- Your instructions
From the line containing "38. On each" down to the final line of the entries below, return each line exactly and drop the pictures.

Stored entries:
*** Begin section ***

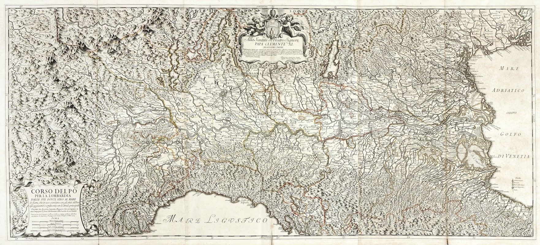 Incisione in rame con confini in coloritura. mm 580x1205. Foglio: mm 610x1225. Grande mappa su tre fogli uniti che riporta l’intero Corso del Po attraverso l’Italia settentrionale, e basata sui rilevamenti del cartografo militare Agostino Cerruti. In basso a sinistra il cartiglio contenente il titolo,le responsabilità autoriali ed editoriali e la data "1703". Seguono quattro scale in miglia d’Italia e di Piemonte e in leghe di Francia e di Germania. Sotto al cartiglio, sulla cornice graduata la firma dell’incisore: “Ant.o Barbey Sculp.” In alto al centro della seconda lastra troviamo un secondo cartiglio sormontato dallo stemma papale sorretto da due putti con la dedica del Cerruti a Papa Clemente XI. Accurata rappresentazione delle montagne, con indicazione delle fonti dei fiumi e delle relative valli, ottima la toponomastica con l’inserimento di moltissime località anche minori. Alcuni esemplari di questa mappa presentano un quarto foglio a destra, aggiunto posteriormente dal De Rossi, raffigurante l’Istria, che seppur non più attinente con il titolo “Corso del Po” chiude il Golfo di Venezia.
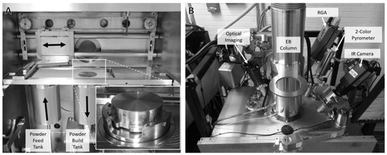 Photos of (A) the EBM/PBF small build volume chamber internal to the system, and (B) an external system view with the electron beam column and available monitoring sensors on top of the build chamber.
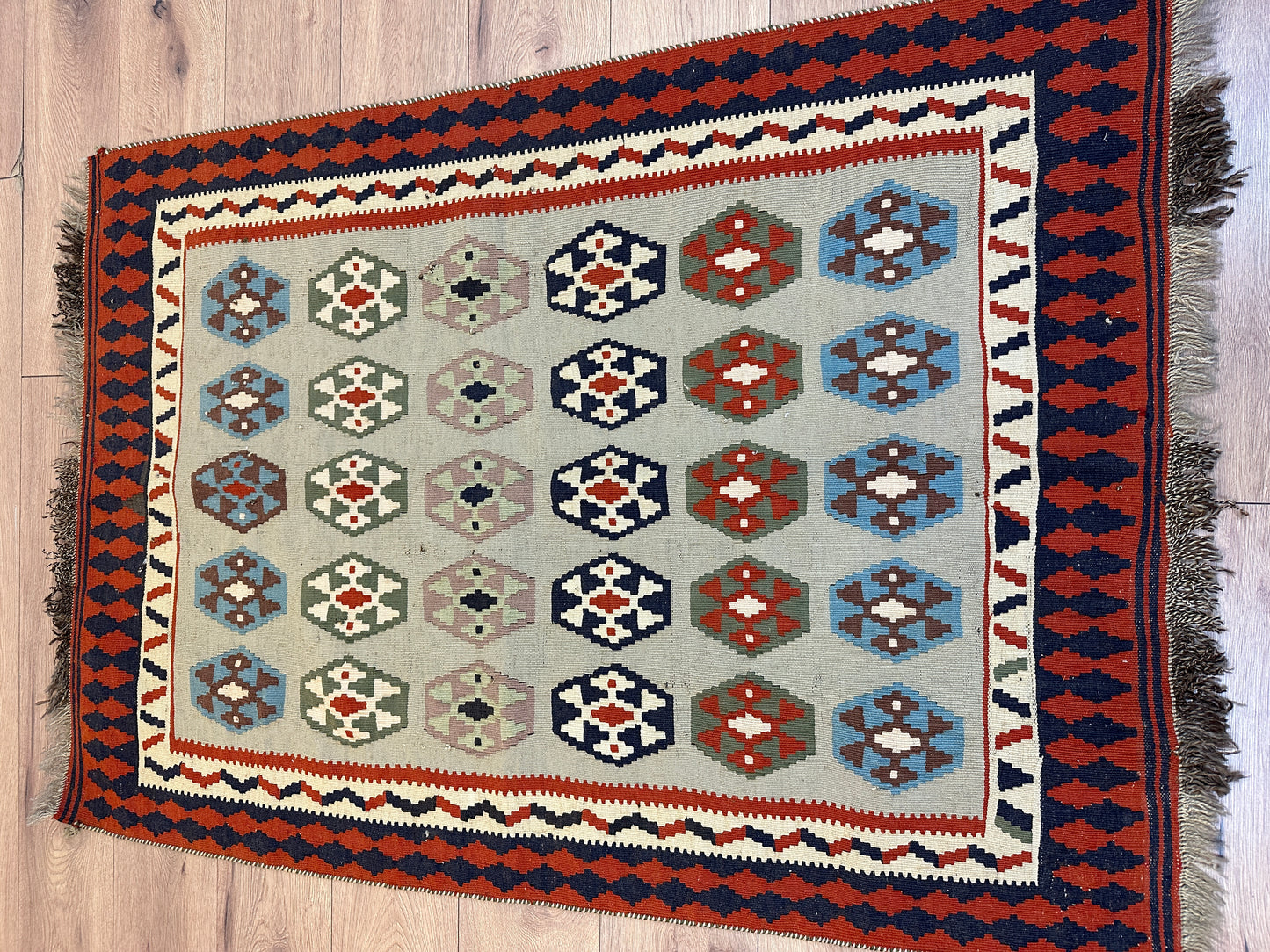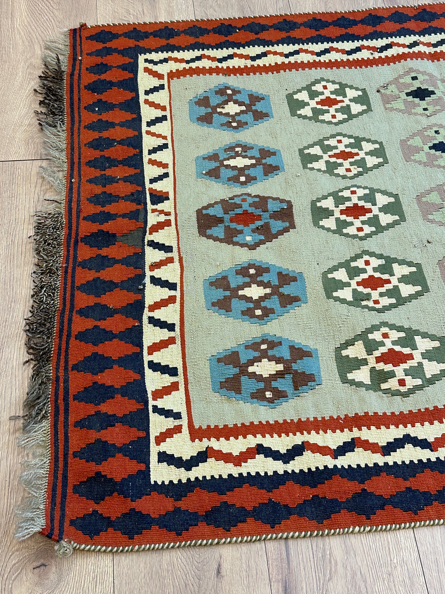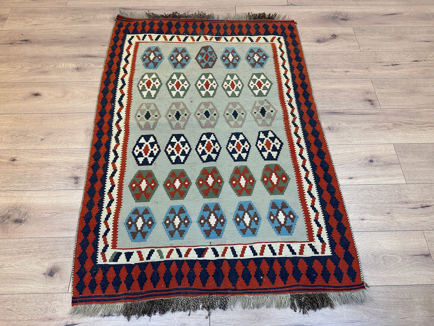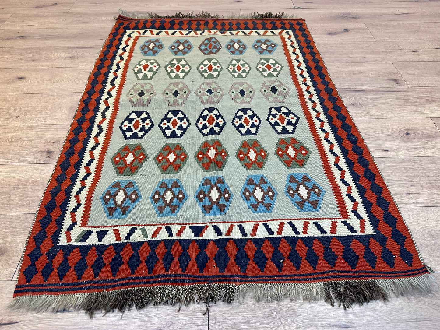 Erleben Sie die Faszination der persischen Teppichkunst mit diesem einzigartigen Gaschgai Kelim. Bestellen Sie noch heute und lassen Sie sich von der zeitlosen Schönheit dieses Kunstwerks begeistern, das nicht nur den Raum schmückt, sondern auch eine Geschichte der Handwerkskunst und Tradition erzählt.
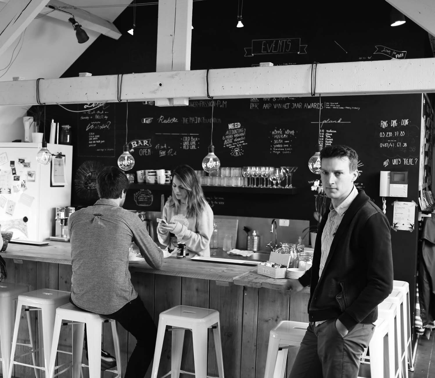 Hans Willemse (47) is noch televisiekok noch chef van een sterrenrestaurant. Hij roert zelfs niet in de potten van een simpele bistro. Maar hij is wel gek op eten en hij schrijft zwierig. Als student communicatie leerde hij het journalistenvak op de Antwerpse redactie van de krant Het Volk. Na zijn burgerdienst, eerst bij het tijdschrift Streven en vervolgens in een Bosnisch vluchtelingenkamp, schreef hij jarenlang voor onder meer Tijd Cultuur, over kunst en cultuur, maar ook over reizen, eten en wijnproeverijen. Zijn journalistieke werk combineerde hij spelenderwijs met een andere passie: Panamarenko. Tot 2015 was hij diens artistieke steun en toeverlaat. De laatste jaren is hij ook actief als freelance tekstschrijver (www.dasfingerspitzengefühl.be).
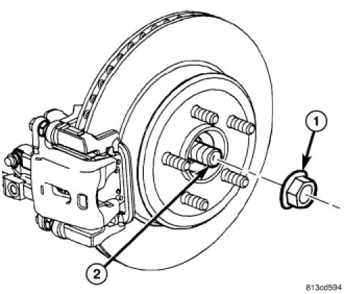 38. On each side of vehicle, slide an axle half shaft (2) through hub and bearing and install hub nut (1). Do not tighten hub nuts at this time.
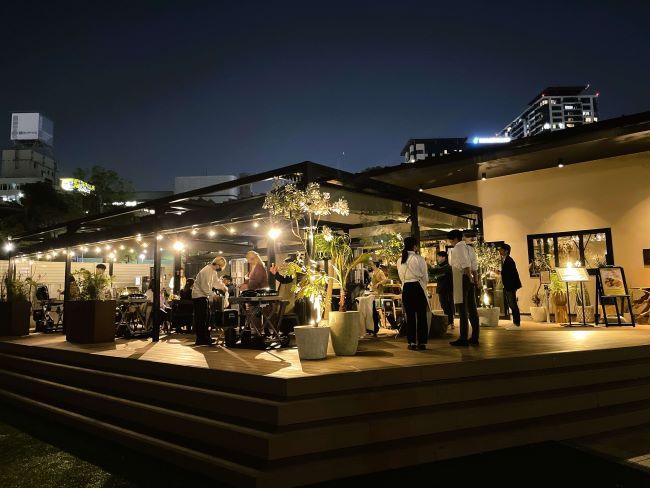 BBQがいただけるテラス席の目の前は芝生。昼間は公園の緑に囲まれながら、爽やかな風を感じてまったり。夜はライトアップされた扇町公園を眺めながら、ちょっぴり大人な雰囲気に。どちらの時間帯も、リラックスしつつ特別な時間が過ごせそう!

*** End section ***

- Problem solution
 38. On each side of vehicle, slide an axle half shaft (2) through hub and bearing and install hub nut (1). Do not tighten hub nuts at this time.
 BBQがいただけるテラス席の目の前は芝生。昼間は公園の緑に囲まれながら、爽やかな風を感じてまったり。夜はライトアップされた扇町公園を眺めながら、ちょっぴり大人な雰囲気に。どちらの時間帯も、リラックスしつつ特別な時間が過ごせそう!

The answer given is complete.